__Assignment__.
The output consists only of the lines from the one with "Vicomtesse de Chabannes" through the end of the records, each printed exactly, and contains no pictures.

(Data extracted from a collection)
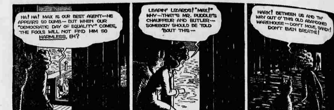
LITTLE ORPHAN ANNIE

CROW ELECTION CROW—The annual school meeting for the grade school will be held Monday, June 21.
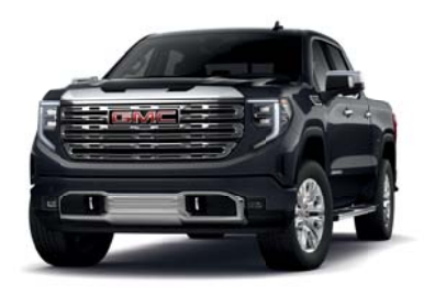
TITANIUM RUSH METALLIC (G6M) € 270
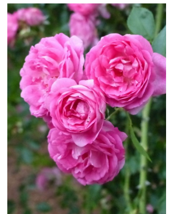
Vicomtesse de Chabannes
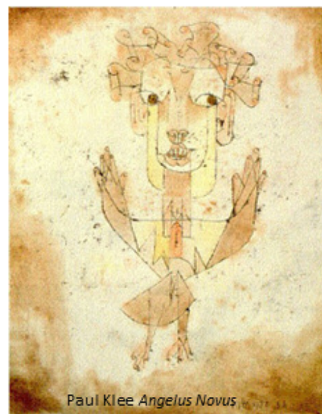
Paul Klee Angelus Novus

Social “development” often only deepens structural processes that perpetuate injustice, exploitation, and racism. American slavery provided cause for a racist ideology that may have clouded people’s vision, but it could not conceal the violence and exploitation at its core. In the early days of industrial production, the direct social relations between workers and owners enabled the worker to see the contribution of their own poverty to both the property and the pockets of the owner. Today, racial inequality continues with great effect in a “color-blind” system “without racists.” Today, poverty often appears to be more about neglect, than active exploitation. Few can trace their dispossession to the accumulations of others, while those who accumulate insulate themselves from those who bear the cost of their good fortune.
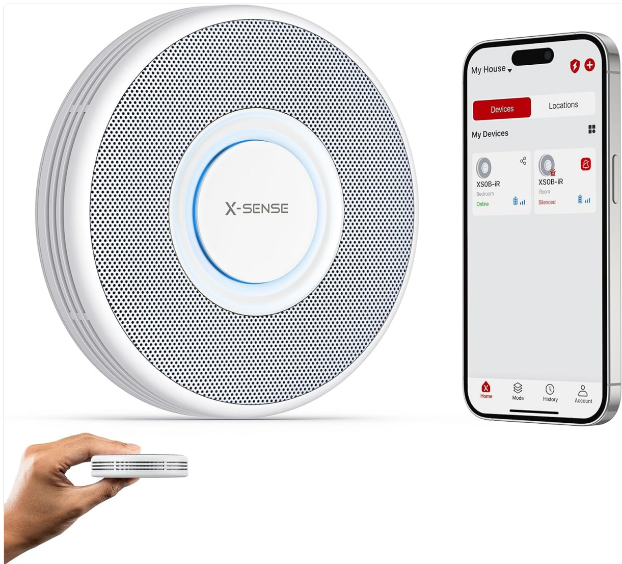
Image 1.1: The X-Sense Smart Wi-Fi Smoke Detector XS0B-iR shown alongside its mobile application interface.

__Task response__.
Vicomtesse de Chabannes
Paul Klee Angelus Novus

Social “development” often only deepens structural processes that perpetuate injustice, exploitation, and racism. American slavery provided cause for a racist ideology that may have clouded people’s vision, but it could not conceal the violence and exploitation at its core. In the early days of industrial production, the direct social relations between workers and owners enabled the worker to see the contribution of their own poverty to both the property and the pockets of the owner. Today, racial inequality continues with great effect in a “color-blind” system “without racists.” Today, poverty often appears to be more about neglect, than active exploitation. Few can trace their dispossession to the accumulations of others, while those who accumulate insulate themselves from those who bear the cost of their good fortune.
Image 1.1: The X-Sense Smart Wi-Fi Smoke Detector XS0B-iR shown alongside its mobile application interface.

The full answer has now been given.